Before you can run AI, you need to walk with data. Most companies are trying to sprint on a foundation of quicksand - data scattered across silos, formats that don't talk, and governance that strangles innovation. The winners aren't the ones with the most data; they're the ones whose data is ready to work.

‍

The $3.1 Trillion Problem Nobody Talks About

‍BM estimates that poor data quality costs the US economy $3.1 trillion annually. But here's the kicker - that number was calculated before AI made data quality existentially important.
In the AI era, bad data doesn't just mean bad reports. It means:

Models that discriminate because of biased training data
Production failures that cost millions per hour
Compliance violations that trigger regulatory hell
Competitive disadvantage that becomes permanent

‍
Yet most companies are sitting on a data foundation that would make a Jenga tower look stable.

‍

Data Gravity: The Physics That's Eating Your Budget

‍Data gravity is simple physics: the bigger your data gets, the harder it becomes to move.

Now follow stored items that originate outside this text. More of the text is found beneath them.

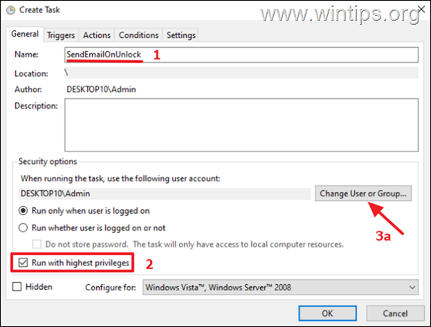 2a. 輸入任務名稱(例如“SendEmailOnUnlock”)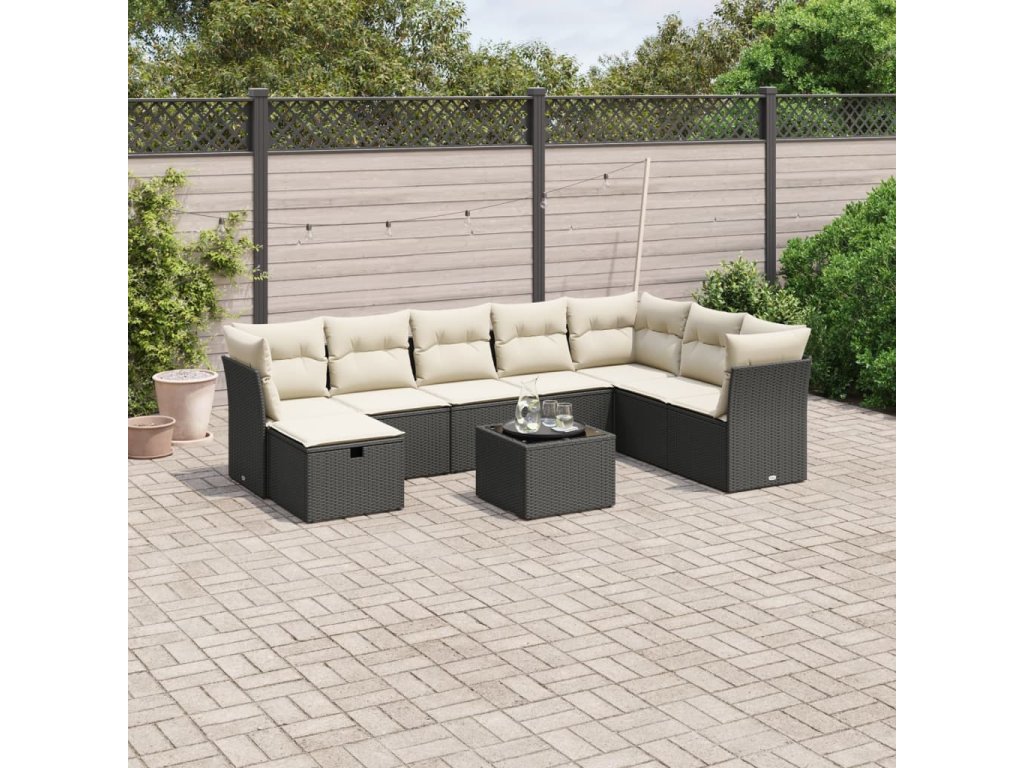 9dílná zahradní sedací souprava s poduškami černá polyratan 3263282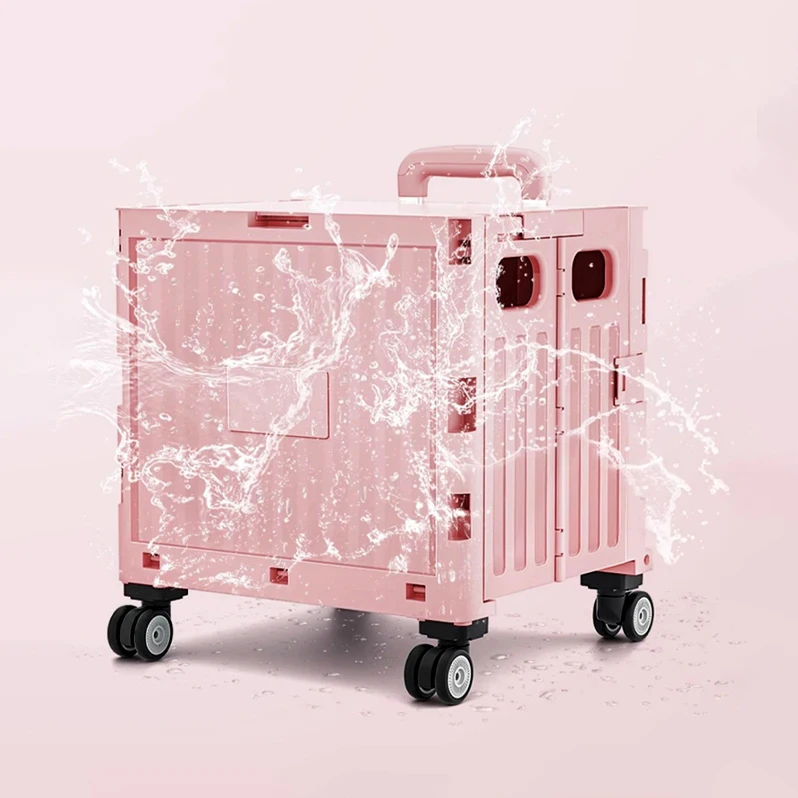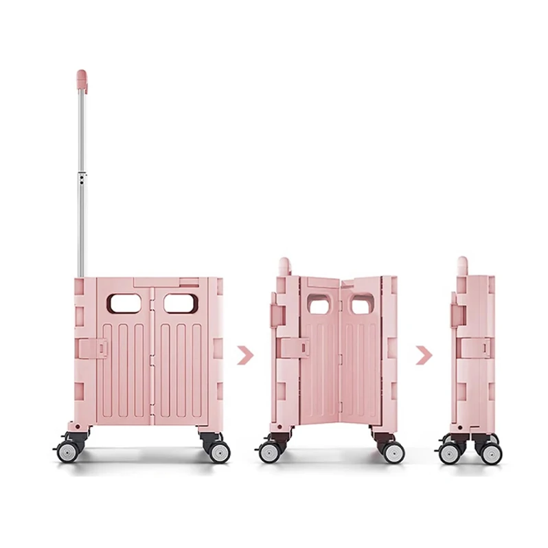 Portable Car Storage Organizer Plastic Iron Collapsible Grocery Market Pink Gift Shop Folding Shopping Trolley Cart for Woman

But in AI, this isn't just inconvenient - it's catastrophic to your economics.

‍

The True Cost of Data Movement‍

Let's do the math on a real scenario:
‍

Scenario: Training a large language model on 100TB of text data

Option 1: Move data to cloud GPUs
- Transfer time (1Gbps): 11.5 days
- Transfer time (10Gbps): 27 hours
- AWS transfer cost: $9,000 (ingress "free", egress will get you)
- Productivity loss: 2 weeks of data scientist time = $8,000
- Total cost: $17,000 before you train a single parameter
Option 2: Move compute to data (on-premises GPU cluster)
- Transfer time: 0
- Transfer cost: $0
- Infrastructure cost: Amortized over hundreds of training runs
- Total cost: Approaches zero per run

The Modern Data Topology: Edge to Core to Cloud (and Back)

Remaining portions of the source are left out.